Child-rape suspect faked own death, lived quietly in Los Angeles under assumed name for more than a decade


DOWNTOWN LOS ANGELES (KABC) — Residents of a downtown Los Angeles building were sad when they learned their longtime maintenance man, a 56-year-old resident of the building they knew as Mark Clemens, had died.

But even as they were planning a memorial service to honor his memory, their grief turned to shock as they learned Mark had hidden a dark secret for more than a decade: He was actually a man named Christian R. Basham, a suspect in a Seattle-area child-rape case who had faked his own death by jumping off a bridge in 2009.

The stunning hidden identity was uncovered only after his death by the Los Angeles County coroner.

“Very shocking,” said Tommy Cuellar, who lived next door to “Mark.” “This was our maintenance guy. This was the guy who had keys to our apartments. It was troubling to say the least, as you could imagine.”

Child-rape suspect Christian R. Basham faked his own death in 2009 by jumping off the Tacoma Narrows Bridge.

Kistap County Sheriff’s Office / KOMO-TV

Police in Bremerton, Wash., a small city in Kitsap County west of Seattle, say the Los Angeles County coroner informed them of Basham’s death and secret identity earlier this week.

The department says Basham was arrested in 2008 and charged with second-degree child rape. He was released after posting $350,000 bail.

In March 2009, a witness reported seeing a man, later identifed as matching Basham’s description, jump from the Tacoma Narrows Bridge. His car was found near the scene with a suicide note but his body was never recovered. Police said he was presumed dead, though he remained on a most wanted list and the subject of an outstanding warrant.

The Bremerton Police Department says further investigation will now be conducted to trace Basham’s movement and actions after 2009.

Mark Clemens was already the Los Angeles building’s handyman when Cuellar moved in about a decade ago.

Cuellar said his interactions with Mark were always positive. He always made repairs quickly in the building and even babysat Cuellar’s cat on occasion. Residents of the building were preparing a ceremony to honor his memory before the stunning news spread.

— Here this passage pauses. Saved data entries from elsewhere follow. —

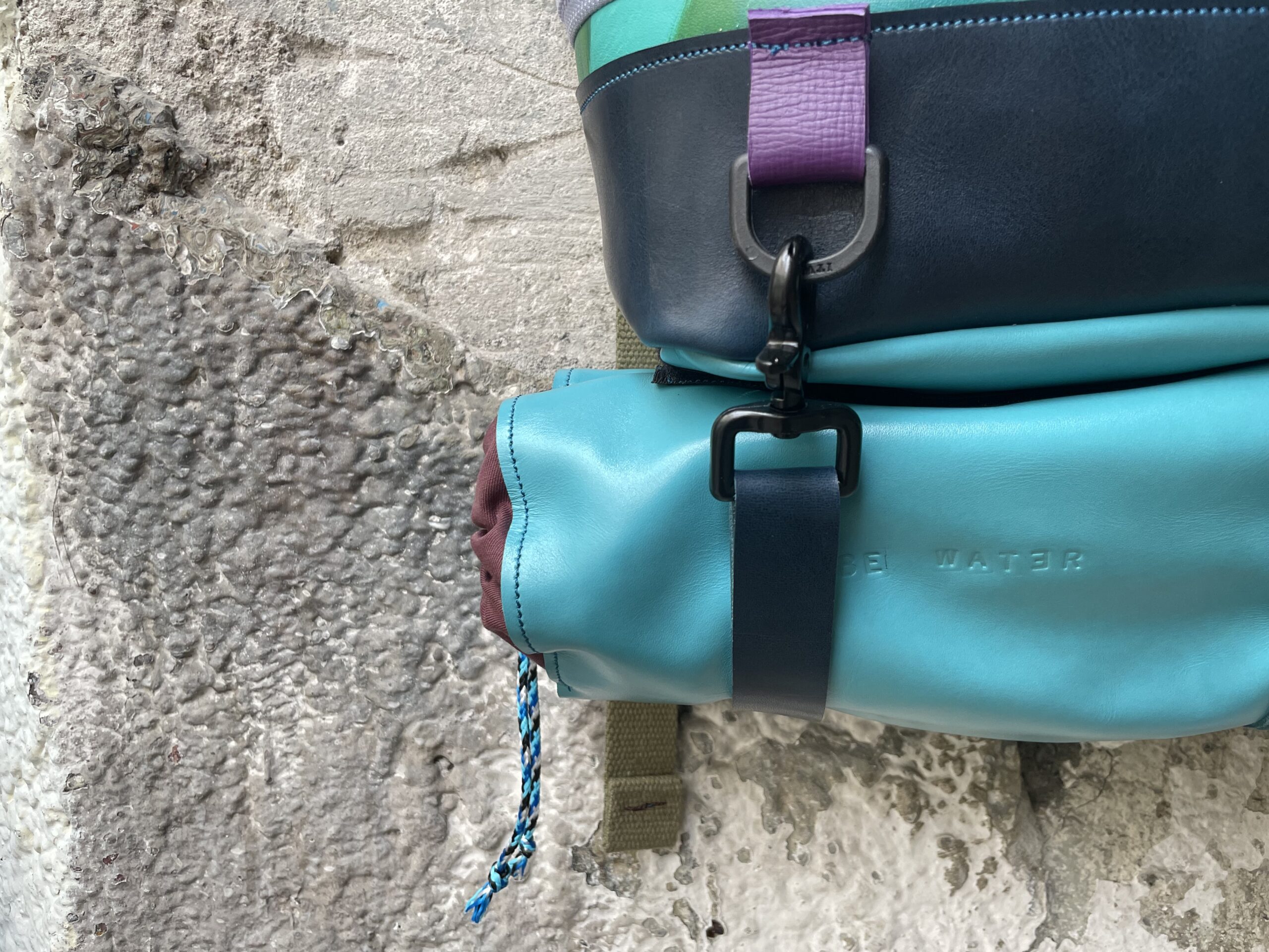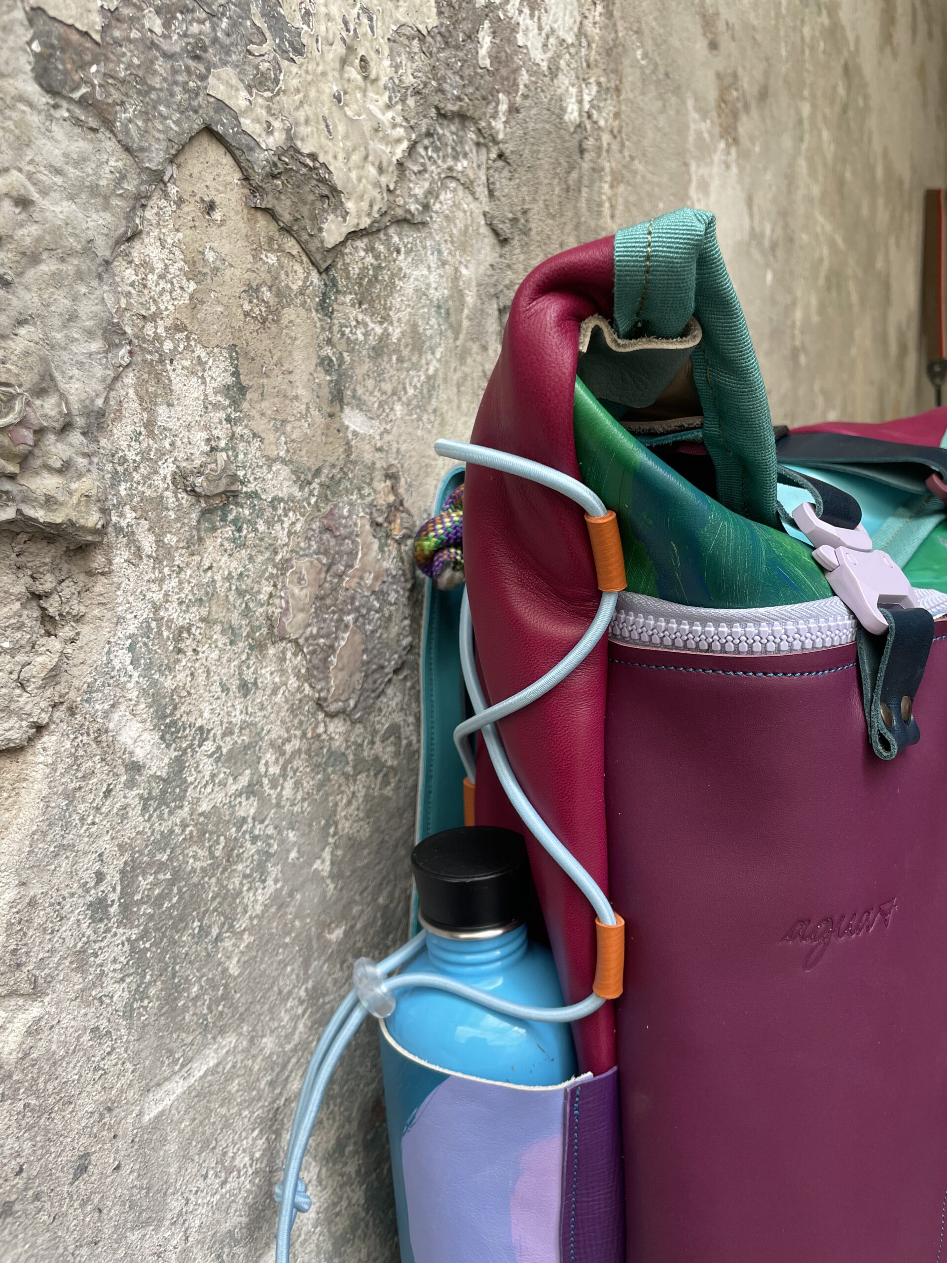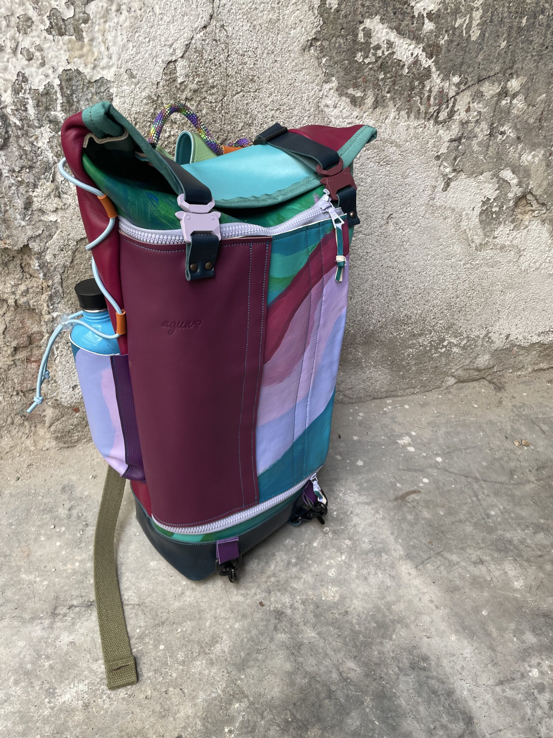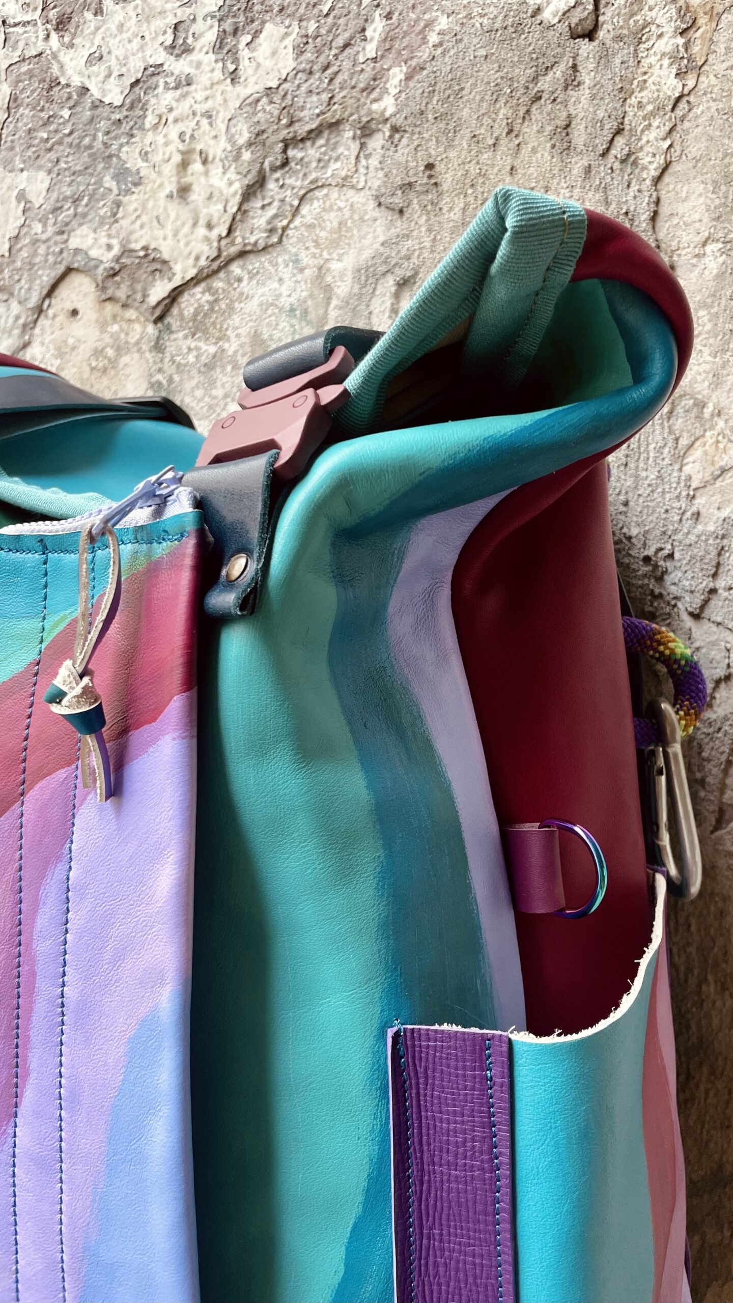 Zaino realizzato con tessuto artigianale asiatico in cotone e pellami recuperati. Chiusura rolltop e apertura frontale con cerniera, tasca sul retro e tre tasche frontali. All’interno sono presenti due tasche interne laterali ed una sullo schienale, imbottita ed adatta al pc.
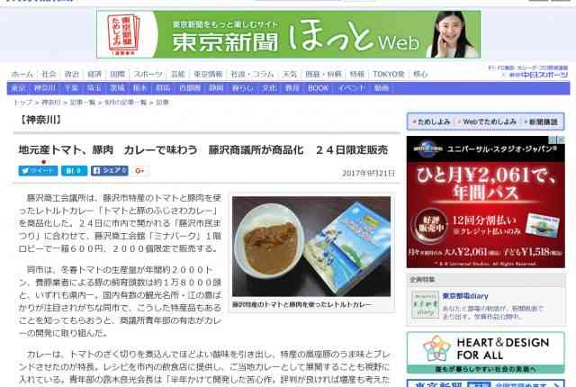 藤沢商工会議所青年部の有志がカレーの開発に取り組んだトマトと豚のふじさわカレーを商品化した。24日に市内で開かれる「藤沢市民まつり」に合わせて、藤沢商工会館「ミナパーク」1階ロビーで一箱600円、2000個限定で販売する。
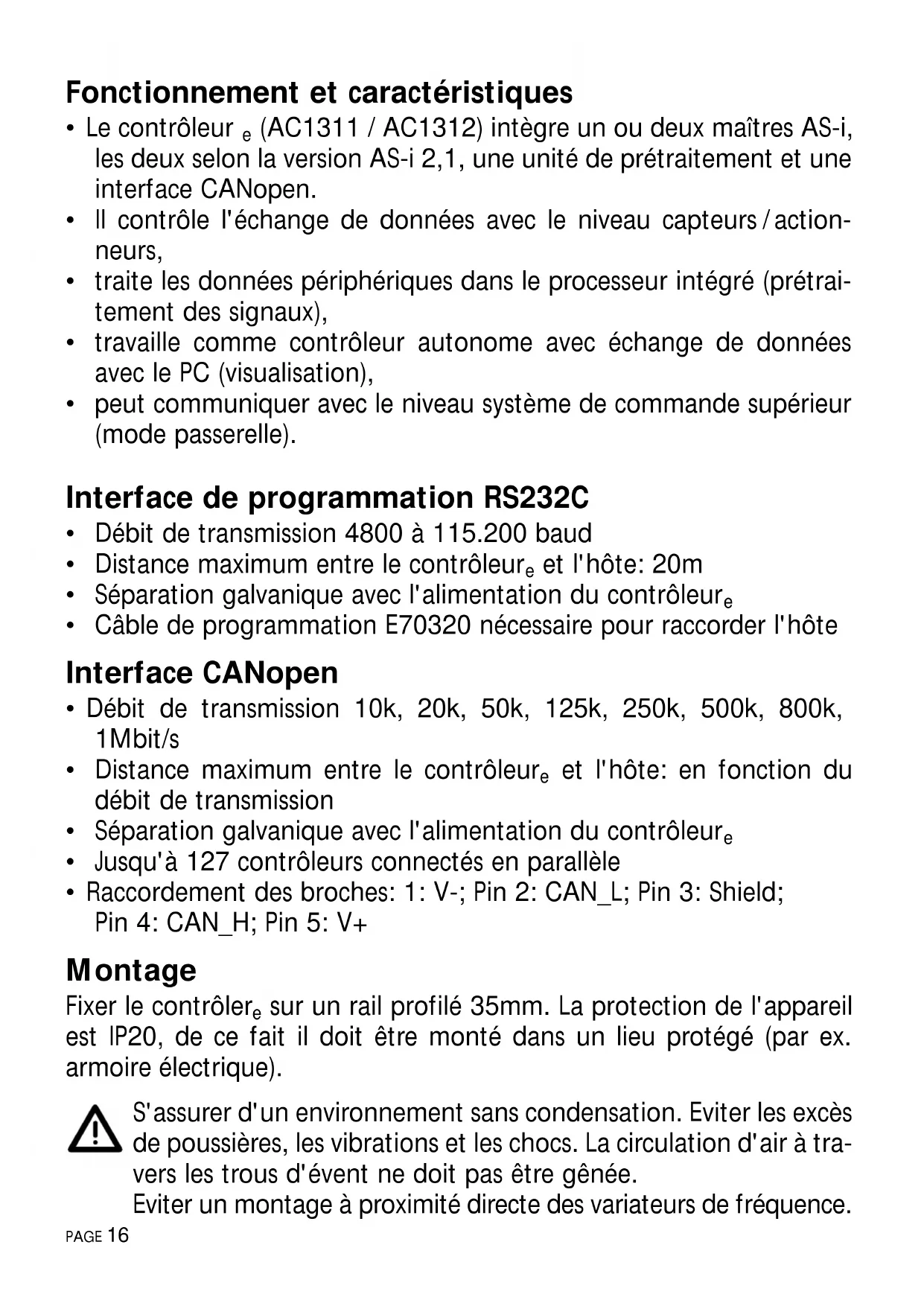 état réseauétat module réservé power CANopen Voyants LED et raccordement des bornes Interface CANopen affichage boutons seulement AC1312Réglage du contraste Le contraste peut être modifié directement en appuyant simultanément sur le bouton droit et le bouton ∆ (trop clair) ou le bouton ∇ (trop foncé). Fonctionnement Pour le fonctionnement d'un système AS-i une alimentation AS-i spé- cifique est nécessaire. Le raccordement se fait aux bornes AS-i + et AS-i -. Déconnecter l'alimentation avant de raccorder le contrôleur
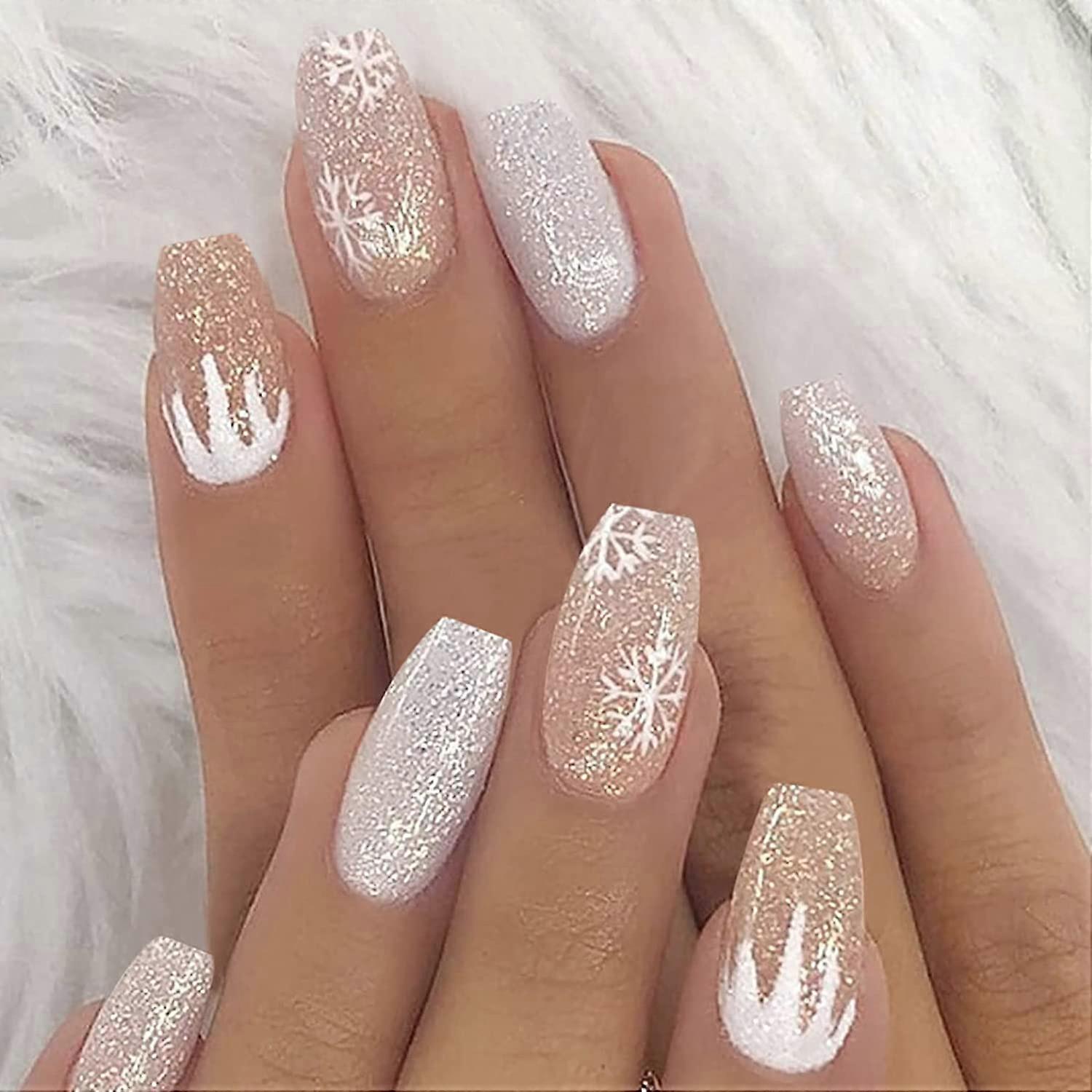 24 Pcs Coffin Press on Nails Short, Fake Nails Glue on Nails, False Nails with Glue, Acrylic Nails for Women and Girls (Set 5)

“He was just like a normal person, a little rough sometimes but it was his personality. No other clue that he was this person he was accused of being.”

In retrospect, Cuellar wonders if the assumed name Basham chose was a clue sitting under their noses all this time.

The name Mark Clemens, he speculates, could very well be a combination of the pen name Mark Twain and the author’s real name, Samuel Clemens.

After all, it was Twain’s most memorable characters, Tom Sawyer and Huck Finn, who famously faked their own deaths.